Let’s read the task together:

You probably know the “like” system from Facebook and other pages. People can “like” blog posts, pictures or other items. We want to create the text that should be displayed next to such an item.

Implement a function likes :: [String] -> String, which must take in input array, containing the names of people who like an item. It must return the display text as shown in the examples:

likes [] -- must be "no one likes this"
likes ["Peter"] -- must be "Peter likes this"
likes ["Jacob", "Alex"] -- must be "Jacob and Alex like this"
likes ["Max", "John", "Mark"] -- must be "Max, John and Mark like this"
likes ["Alex", "Jacob", "Mark", "Max"] -- must be "Alex, Jacob and 2 others like this"

For 4 or more names, the number in and 2 others simply increases.

This challenge is a bit easier than the previous one we looked at and it shouldn’t take us much to solve.

First, we’ll try to solve it the conventional way, then I’ll show you how we can approach it with one of the new features of ES2021.

Complete the challenge using a Switch statement

For this challenge we will use a switch statement an for each case we will return the requested string.

Let’s start like this:

function likes(names) {
  names = names || []
  switch (names.length) {
    case 0:
      return 'no one likes this'
      break
  }
}

We initialized our simple function and in the first line we ensure that names exist, otherwise, we transform it into an empty Array.

We then start our switch statement using the length of the names Array as our cases.

The first one is very straightforward, for the second one onwards we will make use of string interpolation.

function likes(names) {
  names = names || []
  switch (names.length) {
    case 0:
      return 'no one likes this'
    case 1:
      return `${names[0]} likes this`
    case 2:
      return `${names[0]} and ${names[1]} like this`
    case 3:
      return `${names[0]}, ${names[1]} and ${names[2]} like this`
    default:
      return `${names[0]}, ${names[1]} and ${names.length - 2} others like this`
  }
}

If you don’t know what ${} means, you can read more about string interpolation here

Since the challenge didn’t pose any surprise, we could easily access the Array values at index 0 and 1 to display their names for all cases, using names.length -2 to display how many are left for our default case which will be used for any instance where we have 4 or more names.

test

Try to solve it with ES2021

ES2021 will bring many new additions to JavaScript one of which we will try to use for this challenge.

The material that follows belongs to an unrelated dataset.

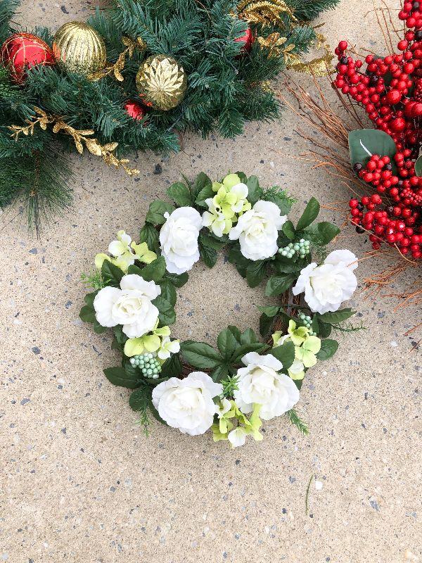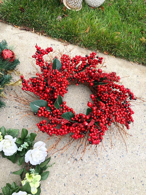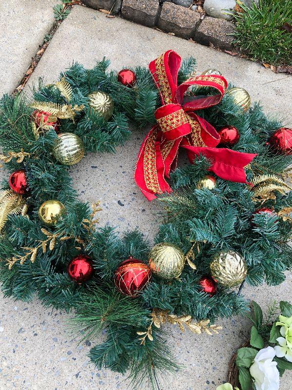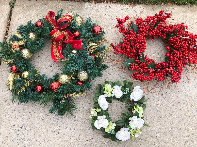 Lot of Three Wreaths. Please refer to photos for size and condition. Have fun and happy bidding.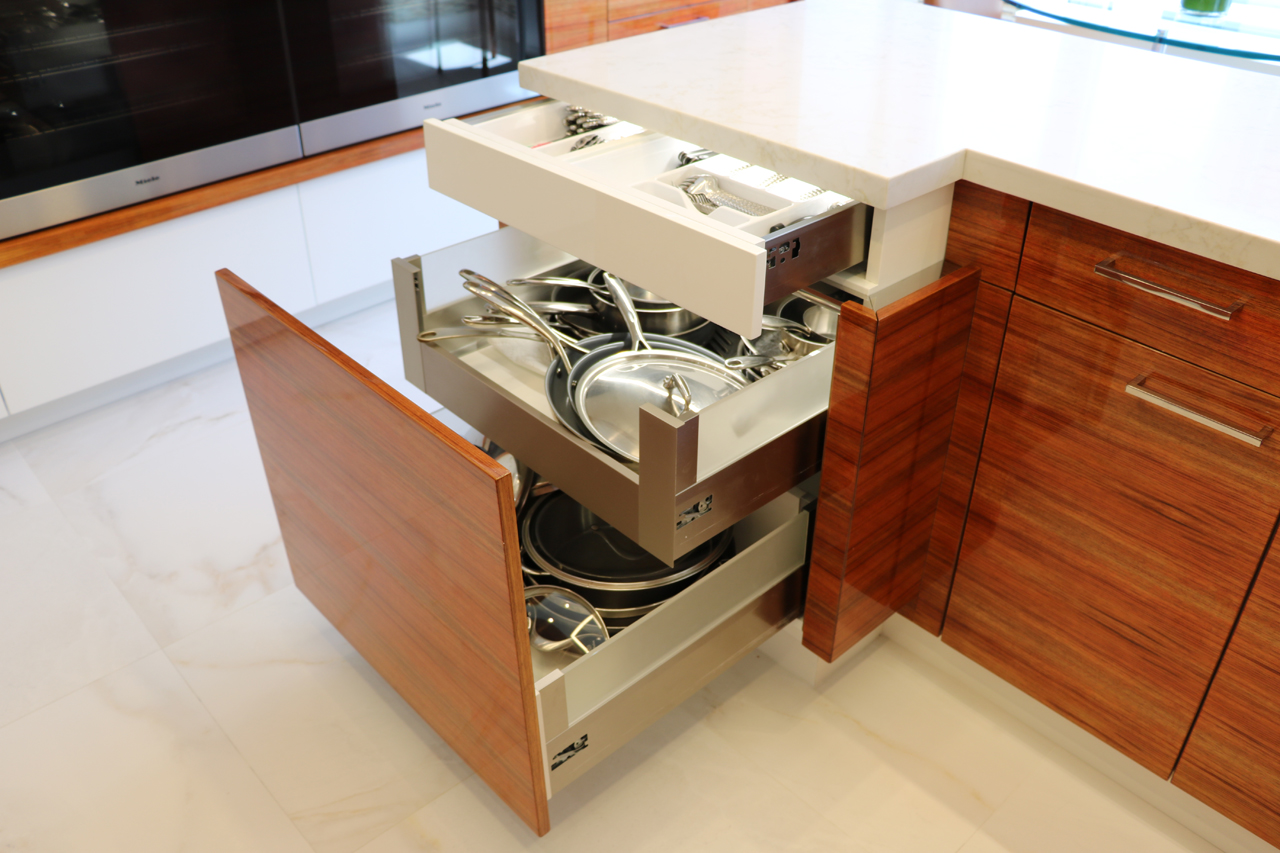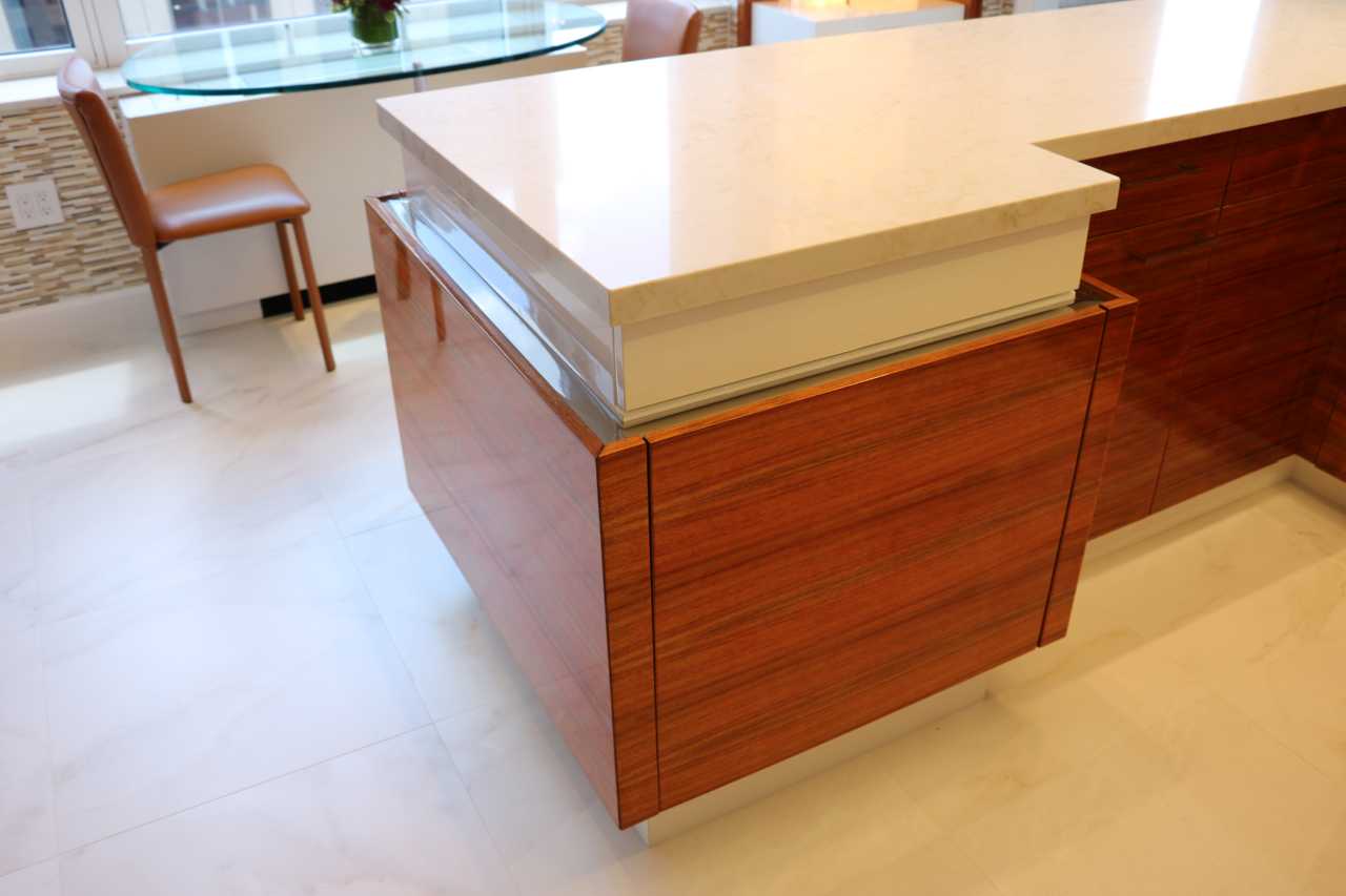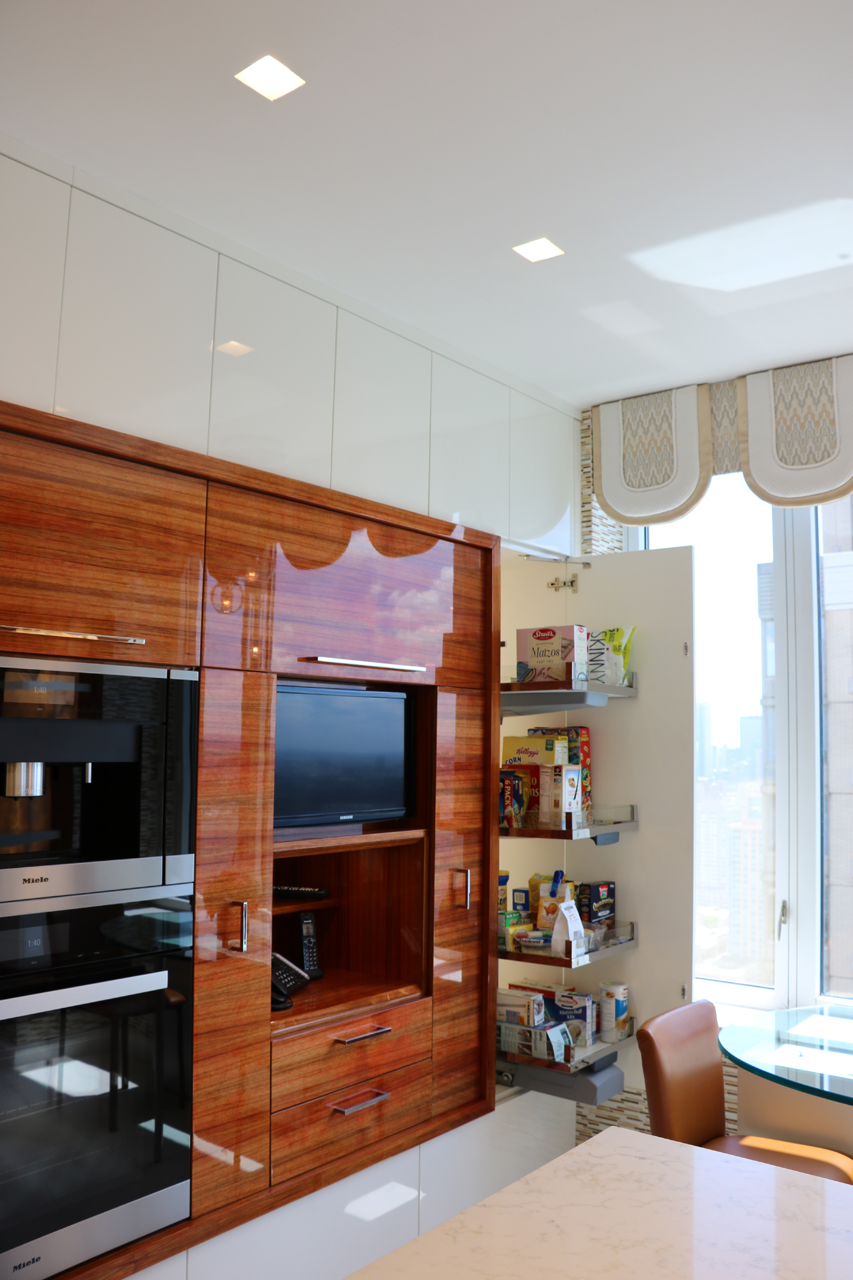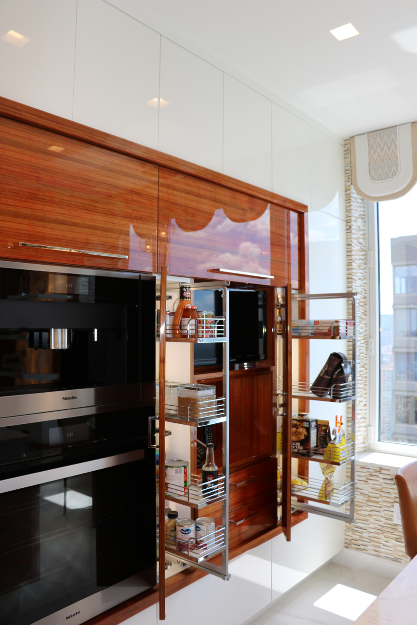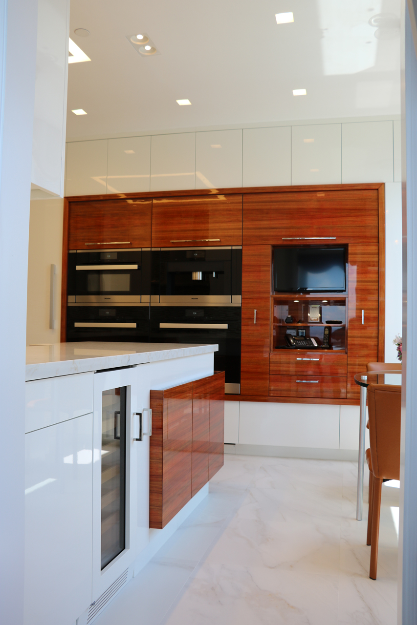 This modern kitchen design offers the perfect balance of beauty and function. Exotic Koa wood, white lacquer, stainless steel accents and an illuminated 3-Form corner panel create a bright and inviting space, while the finest Hafele pull out pantry mechanisms and automatic drawer and cabinet interior LED lighting systems ensure the maximal use of this space.

If you wanna learn more about everything coming to ES2021, please check out my article at this link.

We will try using Intl.ListFormat which is a constructor that enables language-sensitive list formatting.

Basically what it can do is create a formatted list from our initial Array based on a specific language, using either conjunctions or disjunctions.

const names = ['Max', 'John', 'Mark']

const formatter = new Intl.ListFormat('en', {
  style: 'long',
  type: 'conjunction',
})

console.log(formatter.format(names))
// Max, John, and Mark

Very cool right? Let’s try to apply for our function:

function likes(names) {
  names = names || []
  switch (names.length) {
    case 0:
      return 'no one likes this'
    case 1:
      return
      ;`${new Intl.ListFormat('en', {
        style: 'long',
        type: 'conjunction',
      }).format(names)} likes this`
    case 2:
    case 3:
      return
      ;`${new Intl.ListFormat('en', {
        style: 'long',
        type: 'conjunction',
      }).format(names)} like this`
    default:
      return `${names[0]}, ${names[1]} and ${names.length - 2} others like this`
  }
}

As you can see, using Intl.ListFormat we combine case 1 to 3 into one, I had to split case 1 to use likes and like correctly but other than that the function is the same.

To see more examples, head over here.

I hope you found this useful, despite the challenge itself being very easy I wanted to show you something that many of you probably don’t know yet.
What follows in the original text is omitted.